The common actuator 40 that forms of inner panel 14,15 of dish pump 10, this actuator 40 is operatively associated with the core of the end wall 22 of the internal surface of formation cavity 16.One in inner panel 14,15 must be formed by a kind of piezoelectric material, and this piezoelectric material can comprise any electrical activity material representing in response to the strain of an applied electrical signal, for example, as a kind of electrostriction or magnetostriction materials.For example, in a preferred embodiment, inner panel 15 is to be formed by the piezoelectric material representing in response to the strain of applied electrical signal, i.e. active inner panel.Another one in inner panel 14,15 preferably has and the similar flexural rigidity of this activity inner panel, and can be formed by a kind of piezoelectric material or a kind of electricity non-active material (as a kind of metal or pottery).In this preferred embodiment, inner panel 14 has and the similar bending hardness of active inner panel 15, and is to be formed by a kind of electricity non-active material (as a kind of metal or pottery), i.e. inertia inner panel.In the time that active inner panel 15 is excited by an electric current, active inner panel 15 expands and shrinks along a radial direction of the longitudinal axis with respect to cavity 16.The expansion of inner panel 15 and contraction cause inner panel 14,15 bendings, thereby induction end wall 22 is along the axial deflection (referring to Fig. 3 A) perpendicular to a direction of end wall 22 substantially.

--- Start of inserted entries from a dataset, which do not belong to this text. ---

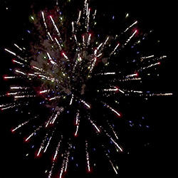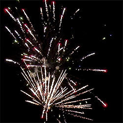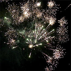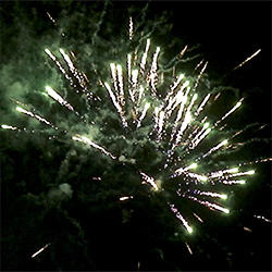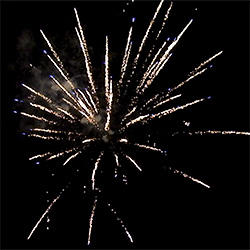 4 эффекта. Разноцветные кометы, золотые трассы разрываются сферами из: зеленых и красных огней с серебряными форсами, золотых форсов и синих огней, трещащих и красных огней с серебряными форсами, зеленых огней с форсами и множества трещащих сфер.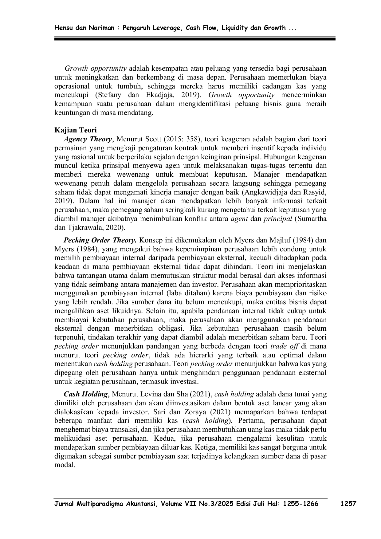 Jurnal Komunikasi bidang kajian ilmu komunikasiJurnal Komunikasi bidang kajian ilmu komunikasiPenelitian ini bertujuan untuk menemukan bukti empiris mengenai dampak leverage, cash flow, liquidity dan growth opportunity terhadap cash holding pada infrastruktur industri manufaktur perusahaan yang terdaftar di Bursa Efek Indonesia periode 2019-2020. Sampel dipilih dengan menggunakan metode purposive sampling, dan data yang valid terdiri dari 121 sampel perusahaan selama rentang waktu 3 tahun. Data diolah menggunakan SPSS (Statistical Product and Service Solution) versi 22 untuk Windows dan Microsoft Excel 2013. Hasil uji F menunjukkan bahwa leverage, cash flow, liquidity dan growth opportunity berpengaruh signifikan terhadap cadangan kas. Implikasi dari penelitian ini menunjukkan bahwa semua variabel independen secara kolektif mampu memprediksi cash holding. Pengujian parsial mengungkapkan bahwa leverage dan cash flow menunjukkan pengaruh positif dan tidak signifikan terhadap cash holding, liquidity berpengaruh positif dan signifikan terhadap cash holding, growth opportunity berpengaruh negatif dan tidak signifikan terhadap cash holding.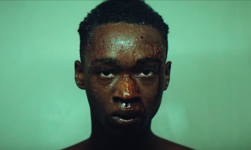 Finally, in this A24 film we watch Chiron struggle with trying to appear masculine. This is a key theme throughout, as a young kid he is forced to wrestle with a friend to prove he isn't "soft." We can see however, that Chiron appears less masculine than most of the boys he is surrounded by. When he is a teenager, also, to prove that he is "a man," he is forced to beat up one of his closest friends, Kevin, and he does show just to prove himself.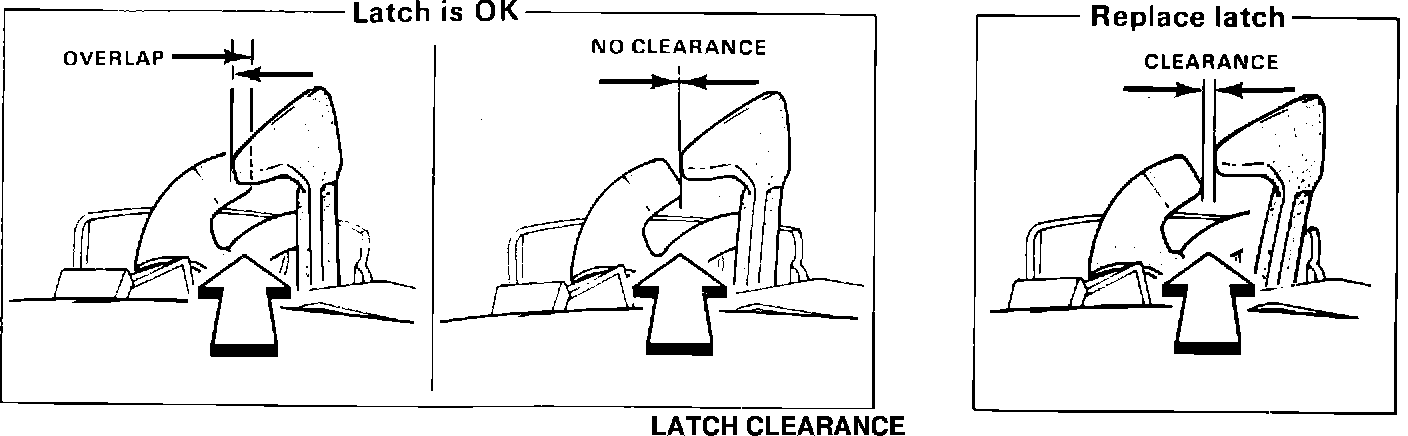 2. If the safety catch and latch have no clearance between them, or they overlap slightly, the latch is OK; go to step 4. If the safety catch and latch have any clearance at all between them, replace the latch with the updated part.

In unshowned other embodiments, spacer 30 can depend on and coils the particular design of pump 10 and directed from top surface or lower surface, any one inner panel 14,15 supported, no matter be active inner panel 15 or inertia inner panel 14.In another embodiment, actuator 40 can by with inner panel 14,15 in only one transmit one of relation device in power and substitute, for example, as machinery, magnetic or an electrostatic equipment.In such an embodiment, inner panel can be formed with same way as described above and be driven the nonactive or passive material layer of an electricity of vibration by this device (not shown).

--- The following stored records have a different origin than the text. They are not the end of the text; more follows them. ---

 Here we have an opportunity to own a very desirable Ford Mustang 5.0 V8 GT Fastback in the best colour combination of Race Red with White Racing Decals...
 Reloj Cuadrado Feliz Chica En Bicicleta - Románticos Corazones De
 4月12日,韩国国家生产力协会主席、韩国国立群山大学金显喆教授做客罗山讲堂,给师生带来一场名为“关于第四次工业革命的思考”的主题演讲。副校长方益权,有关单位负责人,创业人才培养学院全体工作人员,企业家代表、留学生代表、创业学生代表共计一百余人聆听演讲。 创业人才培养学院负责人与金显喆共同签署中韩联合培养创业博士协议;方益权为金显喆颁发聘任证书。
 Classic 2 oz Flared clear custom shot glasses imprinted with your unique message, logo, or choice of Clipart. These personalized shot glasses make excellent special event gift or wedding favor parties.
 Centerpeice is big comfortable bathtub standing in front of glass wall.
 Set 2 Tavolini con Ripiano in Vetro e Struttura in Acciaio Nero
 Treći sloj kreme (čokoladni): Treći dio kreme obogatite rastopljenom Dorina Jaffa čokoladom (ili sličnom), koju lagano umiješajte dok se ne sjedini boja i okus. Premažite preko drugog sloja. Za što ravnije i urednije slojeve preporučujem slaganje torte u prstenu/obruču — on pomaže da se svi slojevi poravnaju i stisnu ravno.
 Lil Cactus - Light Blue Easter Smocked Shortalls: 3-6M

Dish pump 10 further comprises at least one the outside aperture that extends to dish pump 10 from cavity 16, and wherein this at least one aperture comprises that a valve is to control flowing through the fluid in this aperture.Although this aperture can be arranged in any position of cavity 16, in this position, actuator 40 produces a pressure reduction, as described in more detail below, but an embodiment of the dish pump 10 shown in Fig. 2 A to Fig. 2 B comprise and be roughly positioned at end plate 12 center and extend through one of this end plate 12 outlet aperture 27.Aperture 27 comprises at least one end valve 29.In a preferred embodiment, aperture 27 comprises end valve 29, and these end valve 29 adjustings are flowed along the fluid as by an indicated direction of arrow, make like this end valve 29 serve as an outlet valve that coils pump 10.To comprising that aperture 27 any of end valve 29 mentions the part of the opening that refers to the end valve 29 outsides outside of the cavity 16 of dish pump 10 ().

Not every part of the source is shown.